As for this paper, it's not about relying on a bug but rather presenting what might be possible with DRAM in the hopes of standardizing capabilities.

alexpotato•12mo ago
This pops up in low latency HFT specifically with networking cards.

Certain network cards have either a bug or combination of features that work in an interesting way to the benefit of the trading firm.

These bugs (and features too) sometimes get removed in favor of either getting rid of the bug or those features are seen as not needed for the larger market etc. Therefore, firms will sometimes attempt to buy up all available supply of certain models.

nomel•12mo ago
This usually falls under "interoperability testing", but usually mitigated through your firmware rather than hardware.
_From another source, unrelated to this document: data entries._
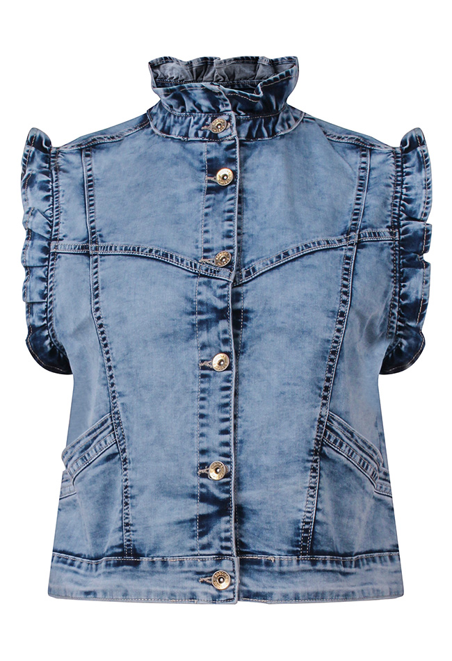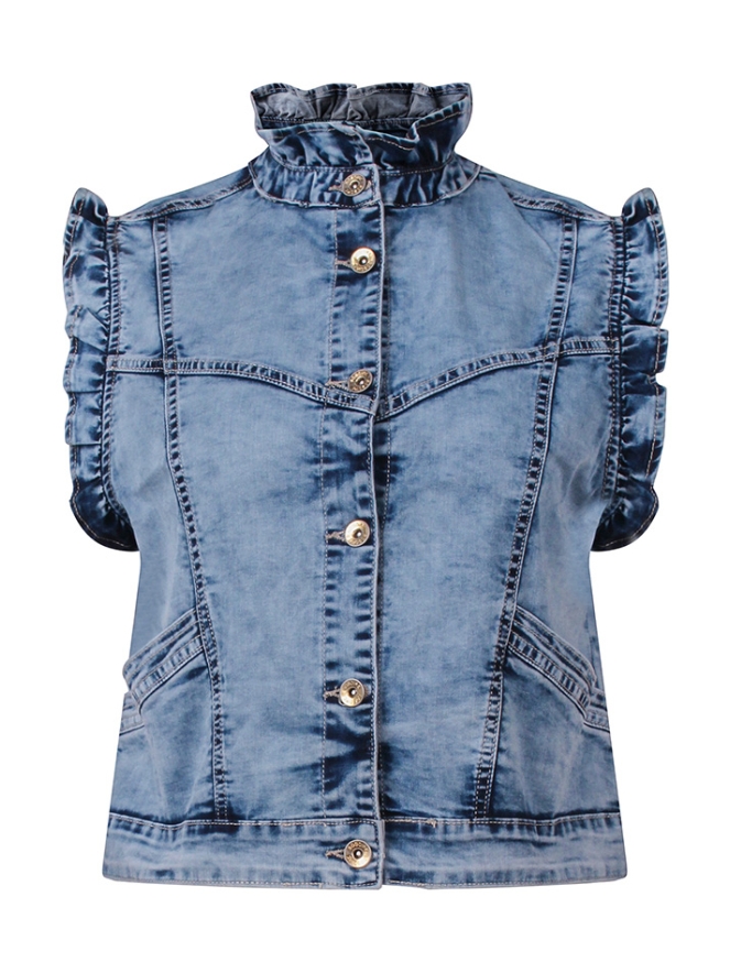 Geef je outfit een stoere en trendy touch met dit dames gilet van spijkerstof. Het model is uitgevoerd in een opvallende gebleekte wassing. Draag het casual op een jeans voor een denim-on-denim look of combineer het met een jurkje voor een verrassend contrast.
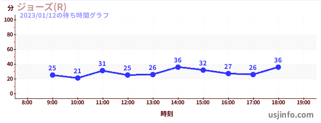 • ジョーズ(R)$B$N(B2023年01月12日の待ち時間
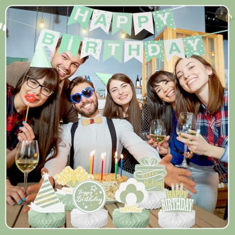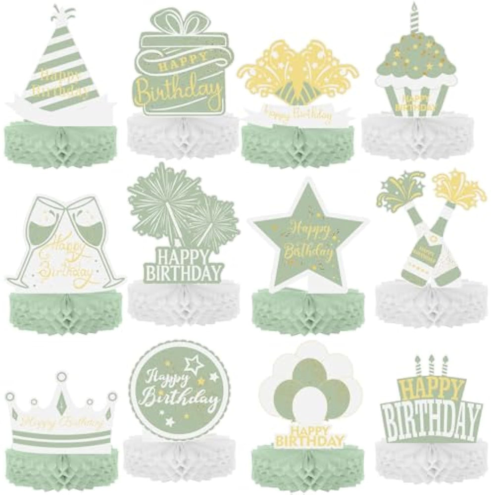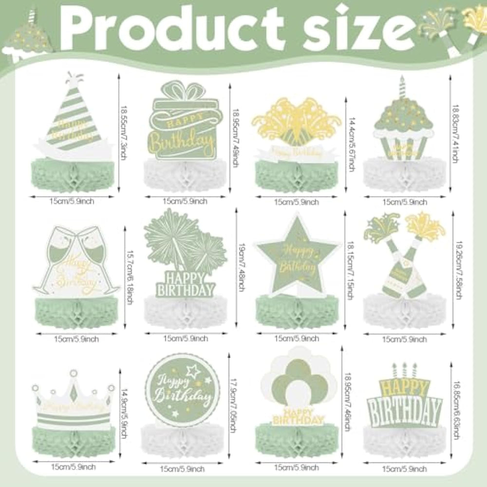 These colorful birthday table decorations in gold and sage green are designed to create a cheerful and festive atmosphere for your themed party. The set includes 12 pieces of sage green and gold honeycomb centerpieces featuring Happy Birthday, candles, balloons, gift boxes, hats, cakes, and more, adding a pleasant and vibrant touch to your celebration. Each centerpiece is easy to assemble with clearly marked areas for quick setup, saving you time and allowing you to enjoy the party more. Made from thick, reliable cardstock with double-sided printing, these decorations are lightweight, durable, and colorfast, making them perfect for your party supplies and decorations.
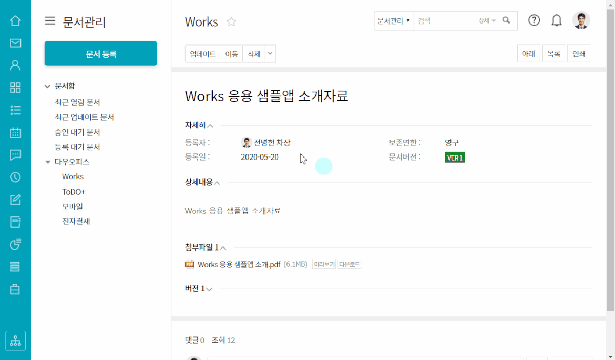 사내에서 공유하는 규정이나 매뉴얼을 공유하고 관리 할 수 있어 문서보존 및 이력 조회가 가능합니다.

In the worst types of cases, you need to make sure your hardware works with some popular defunct vendor from 15 years ago since some big customers have used that hardware for 15 years, without issue, and will see your hardware as the problem when they plug it in.

For communication equipment, this is super important, with all sorts of "quirks" put in for vendors that didn't follow the spec. And, that includes keeping quirks in your firmware, so you don't break anyone else's. Imagine entire walls of legacy and long-gone and current competitor equipment, with robot arms to plug things in, and you have an idea of what some hardware validation labs look like.

Motherboard manufacturer firmware is also filled with quirks for specific CPUs, chipsets, etc.

lolc•11mo ago
Funny hack. Without having read the paper I'd assume the operations to be thermally unstable. So LLM inference results will vary based on environmental temperature :-)
nsteel•11mo ago
Yes, but only a little. Read the paper (or just search for "temperature") to see details.
lolc•11mo ago
Ok interesting, yes then I have to read it!